Silih berganti kameranya diarahkan ke air laut yang terus bergulung menuju pantai. Putih dan tinggi. Sementara orang-orang sibuk berlarian panik. Kendaraan di jalan terlihat bergerak dalam kecepatan tinggi. Klakson bersahutan.
Praakkk..... air putih raksasa itu tiba dan menghempas daratan. Seketika berubah warna menjadi coklat setelah menerjang pasir pantai. Mengamuk, menerjang segala bangunan. Roboh... ambruk....
"Ya Allah.... tsunami ya Allah.... ya Allaaaahhhh....." suaranya bergetar, dan terisak.
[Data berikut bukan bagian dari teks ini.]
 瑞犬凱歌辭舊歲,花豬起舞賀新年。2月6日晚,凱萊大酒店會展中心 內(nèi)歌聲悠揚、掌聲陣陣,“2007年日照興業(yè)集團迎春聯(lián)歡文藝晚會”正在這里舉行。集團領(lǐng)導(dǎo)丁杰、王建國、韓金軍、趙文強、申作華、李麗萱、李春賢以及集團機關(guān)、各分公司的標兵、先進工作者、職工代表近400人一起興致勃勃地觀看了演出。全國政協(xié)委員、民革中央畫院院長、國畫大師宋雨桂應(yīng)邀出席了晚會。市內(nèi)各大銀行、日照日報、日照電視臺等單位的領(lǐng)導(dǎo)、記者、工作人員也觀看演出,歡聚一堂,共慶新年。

Ia menangis tersedu-sedu....
Dan videonya pun putus. Itulah drama tsunami rekaman seseorang yang disiarkan salah satu stasiun televisi.
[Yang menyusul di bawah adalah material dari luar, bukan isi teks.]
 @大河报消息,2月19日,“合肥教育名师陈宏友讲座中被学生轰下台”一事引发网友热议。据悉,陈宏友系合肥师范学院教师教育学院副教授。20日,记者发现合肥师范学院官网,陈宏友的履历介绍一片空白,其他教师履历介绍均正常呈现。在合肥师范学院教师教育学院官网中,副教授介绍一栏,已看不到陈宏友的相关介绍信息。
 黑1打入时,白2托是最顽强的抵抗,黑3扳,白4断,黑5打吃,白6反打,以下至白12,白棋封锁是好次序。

Memilukan. Ngilu pula persendian kita menyaksikannya. Sesak kepala dan dada membayangkan kacaunya kehidupan manusia di sana. Rasa kemanusiaan kita pun terkoyak, tercabik-cabik.
Hingga tulisan ini saya buat, Ahad petang, Badan Nasional Penanggulangan Bencara (BNPB) telah merilis angka 832 jiwa melayang, tewas akibat gempa dan tsunami yang meluluhlantakkan Kota Palu, Sigi dan Donggala, Sulawesi Tengah. Ratusan lainnya luka parah dan sedang dirawat di sejumlah rumah sakit.
Ratusan bahkan ribuan mungkin bangunan berantakan. Permanen apalagi yang cuma semi permanen. Terlalu kuat gempa bermagnitud 7,4 pada skala richter dan mendatangkan tsunami dalam waktu relatif cepat.
Orang-orang tidak memiliki cukup waktu untuk segera mengungsi. Mereka baru saja meloloskan diri dari maut gempa, secepat kilat tsunami datang. Ajal pun menjemput.
Sekitar 15.000 orang dilaporkan mengungsi. Penduduk Kota Palu cuma 335 ribu jiwa. Rumah dan bangunan berantakan, luluh lantak menyisakan duka lara.
Pengungsian pun luka baru. Dingin, lapar mencekam. Menanti penuh harap akan datangnya bala bantuan. Gelap hidup mereka. Listrik padam, komunikasi putus. Transportasi pun lumpuh.
Anak-anak terpisah orang tuanya. Sanak saudara tak jelas nasibnya. Trauma membekap mereka.